To Deepa Narayanan

Dear Deepums,

I will begin by telling you to always, always be proud of your patronymic name. To be proud of it every day and every minute of your life. You make me think of your Daddy, who, as I know, keeps on defining your world significantly. He will always be a big part of how I remember you forever. I will tell you why.

I am an extremely-shy person. My world is quiet unless made loud, and it gets loud and messy on days and seasons when I am hurt. Sometimes, I am the one who chooses to make or keep it loud by holding onto what hurts for longer than I should. Doing it that way has taken its toll on me. For the same reason, I will not recommend it to anyone.

I remember the day you invited me home to spend Onam with your ever-loving family a year back. It was a time when I was weighed down by hurting feelings. I remember bringing myself to your home, far from the cliche of dressing in a saree on a typical Thiruvonam day- I wore a short dress. The moment I got out, you exclaimed, “You look so lovely!”. I still don’t understand why you kept screaming the word “lovely” at the top of your lungs at least fifty times that day. I also don’t know how one celebrates something this way even when they don’t have anyone to team up with, without minding it.

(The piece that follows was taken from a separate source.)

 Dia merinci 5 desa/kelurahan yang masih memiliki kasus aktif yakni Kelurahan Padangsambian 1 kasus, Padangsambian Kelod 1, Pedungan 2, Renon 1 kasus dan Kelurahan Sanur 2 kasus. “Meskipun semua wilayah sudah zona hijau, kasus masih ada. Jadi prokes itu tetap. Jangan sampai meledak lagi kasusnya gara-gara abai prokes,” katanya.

A few months before I came to your home that day, I carried the hurt from hearing a comment from a friend of mine when I took a photo when we went out one day- it stayed with me more than it should have if I knew I was doing was for me. The moment I started clicking everyone’s pictures, and after taking a look at the pictures, you started telling me how I have an eye for moments and capture them as photographs. I have heard compliments for clicking pictures and have heard them after that incident with my friend too, but none of those really got into me. But that day, when it came from someone I love, like you, I started to believe it again.

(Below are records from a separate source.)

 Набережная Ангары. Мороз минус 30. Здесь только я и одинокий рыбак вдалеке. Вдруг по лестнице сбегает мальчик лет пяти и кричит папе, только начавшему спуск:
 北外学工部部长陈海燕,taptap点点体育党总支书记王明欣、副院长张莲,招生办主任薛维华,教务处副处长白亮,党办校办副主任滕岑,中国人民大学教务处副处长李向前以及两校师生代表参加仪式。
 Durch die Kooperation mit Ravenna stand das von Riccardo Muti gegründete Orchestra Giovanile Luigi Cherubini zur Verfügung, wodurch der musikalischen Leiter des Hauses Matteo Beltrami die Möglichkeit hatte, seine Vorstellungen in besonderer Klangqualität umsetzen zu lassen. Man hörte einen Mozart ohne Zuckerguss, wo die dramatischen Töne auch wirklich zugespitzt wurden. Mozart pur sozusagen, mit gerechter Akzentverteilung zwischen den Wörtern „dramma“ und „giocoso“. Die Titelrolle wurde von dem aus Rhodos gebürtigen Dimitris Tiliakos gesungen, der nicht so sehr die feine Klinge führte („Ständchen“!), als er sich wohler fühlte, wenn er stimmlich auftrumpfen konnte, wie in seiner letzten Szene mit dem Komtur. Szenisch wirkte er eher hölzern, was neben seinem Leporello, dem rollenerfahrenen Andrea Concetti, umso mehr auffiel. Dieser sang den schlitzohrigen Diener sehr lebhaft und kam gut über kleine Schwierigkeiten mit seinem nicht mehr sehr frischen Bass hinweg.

On another note, I remember the long message you sent on my birthday before meeting me, how you told me that you wanted to meet me even when you don’t meet people that often, how you asked me not to tell anyone that I’m a writer after reading a snippet I wrote, how you told me that something in you tells you that I will be a good teacher, how you introduced me saying that I like to click pictures to one of your relatives when I came home the second time when Daddy passed away. All your loving words have stayed with me because it has always made me feel genuinely special.

I am always in awe of how you compliment people and I think I’ll always be. Of how you tell them what you feel, not once, but over and over until they start believing it. You give them no choice, really. And, I’ve always remembered you this way ever since I started seeing you this way, as an epitome of how to compliment people for what you see in them, each time more generously than before.

Last time while you were driving me to drop me at the bus stand after when I showed up at your door unannounced, you were casually talking about Daddy, and how he was always generous in giving compliments. How he never failed to compliment the way you sing. I remember thinking this is when she must know I think of her the same way. So I told you that’s how you are- always like your Daddy, so engulfing with your love, generous with the compliments you give out, and heartening with your presence.

I am sure that you make your Daddy proud every day. And I am even more sure that you will believe it without doubting from this very moment because you are that person who is so grateful for every little thing that comes your way. So take this compliment and let it stay somewhere in your big heart.

If I have anything to tell you, it is this- never stop telling people how you see them. Because you see them in a light people rarely notice when they look at another person. Knowing that changes their world and makes it so big!